BEGIN Data shown
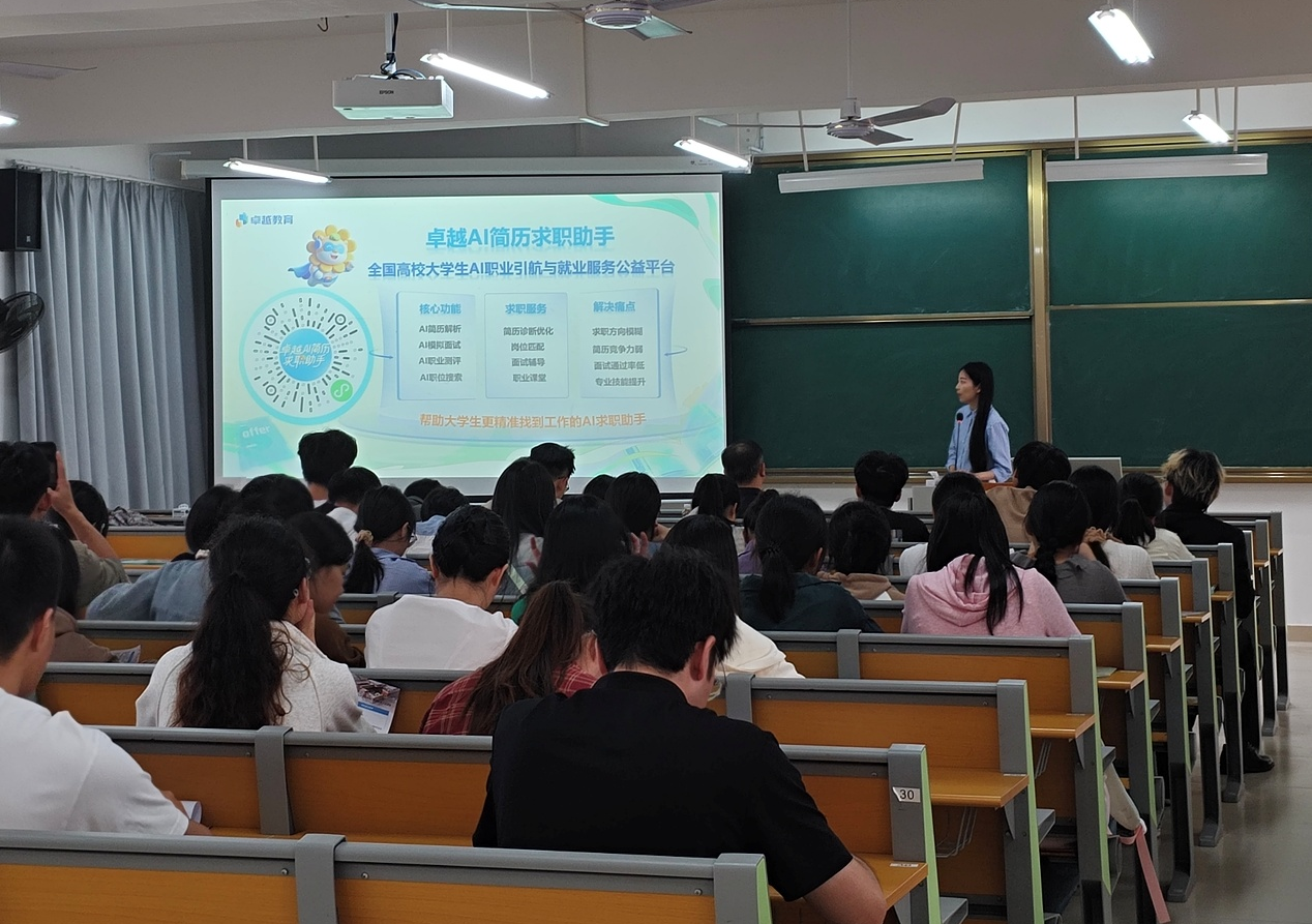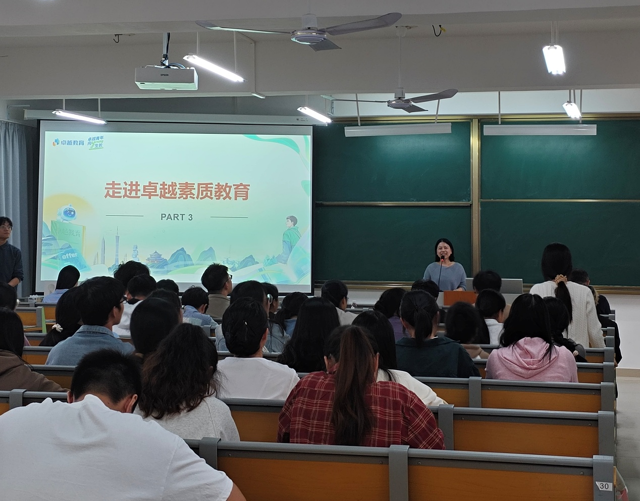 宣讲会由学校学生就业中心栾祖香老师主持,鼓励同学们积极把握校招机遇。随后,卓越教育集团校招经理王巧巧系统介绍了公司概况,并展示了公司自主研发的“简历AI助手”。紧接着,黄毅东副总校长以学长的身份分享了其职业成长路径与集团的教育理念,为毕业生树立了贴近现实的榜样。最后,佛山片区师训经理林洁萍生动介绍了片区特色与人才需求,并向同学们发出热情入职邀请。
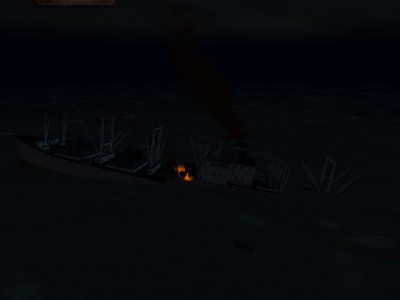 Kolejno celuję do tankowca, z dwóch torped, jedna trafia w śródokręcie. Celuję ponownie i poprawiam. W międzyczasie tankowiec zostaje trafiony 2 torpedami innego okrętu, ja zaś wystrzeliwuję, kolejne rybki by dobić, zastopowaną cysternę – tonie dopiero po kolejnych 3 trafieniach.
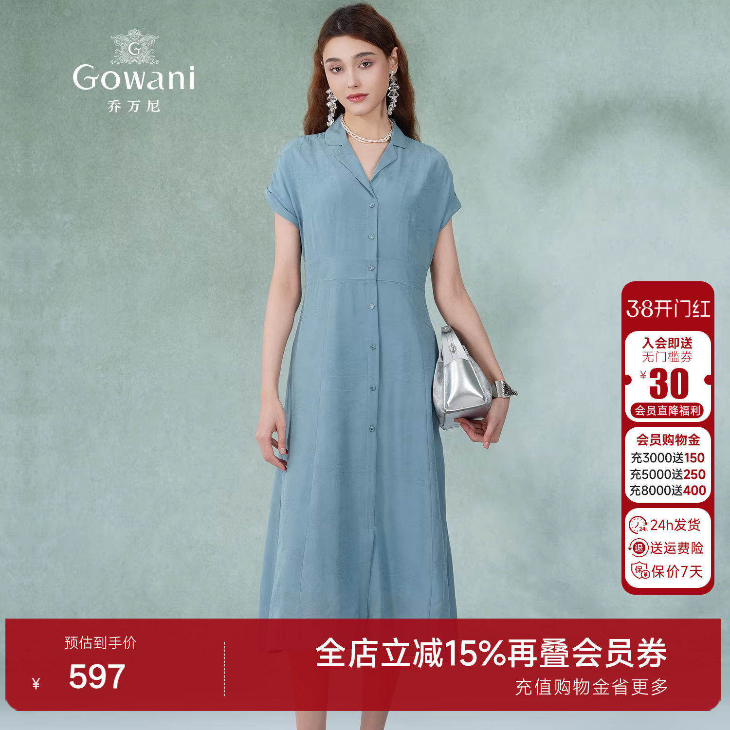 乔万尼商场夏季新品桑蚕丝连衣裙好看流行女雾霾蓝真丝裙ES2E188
END Data shown
■ Exercise goal
Exactly as they stand, write the lines from the one holding "Kolejno celuję do" to the end of the material, both ends included. Do not copy the pictures.

■ Exercise response
 Kolejno celuję do tankowca, z dwóch torped, jedna trafia w śródokręcie. Celuję ponownie i poprawiam. W międzyczasie tankowiec zostaje trafiony 2 torpedami innego okrętu, ja zaś wystrzeliwuję, kolejne rybki by dobić, zastopowaną cysternę – tonie dopiero po kolejnych 3 trafieniach.
 乔万尼商场夏季新品桑蚕丝连衣裙好看流行女雾霾蓝真丝裙ES2E188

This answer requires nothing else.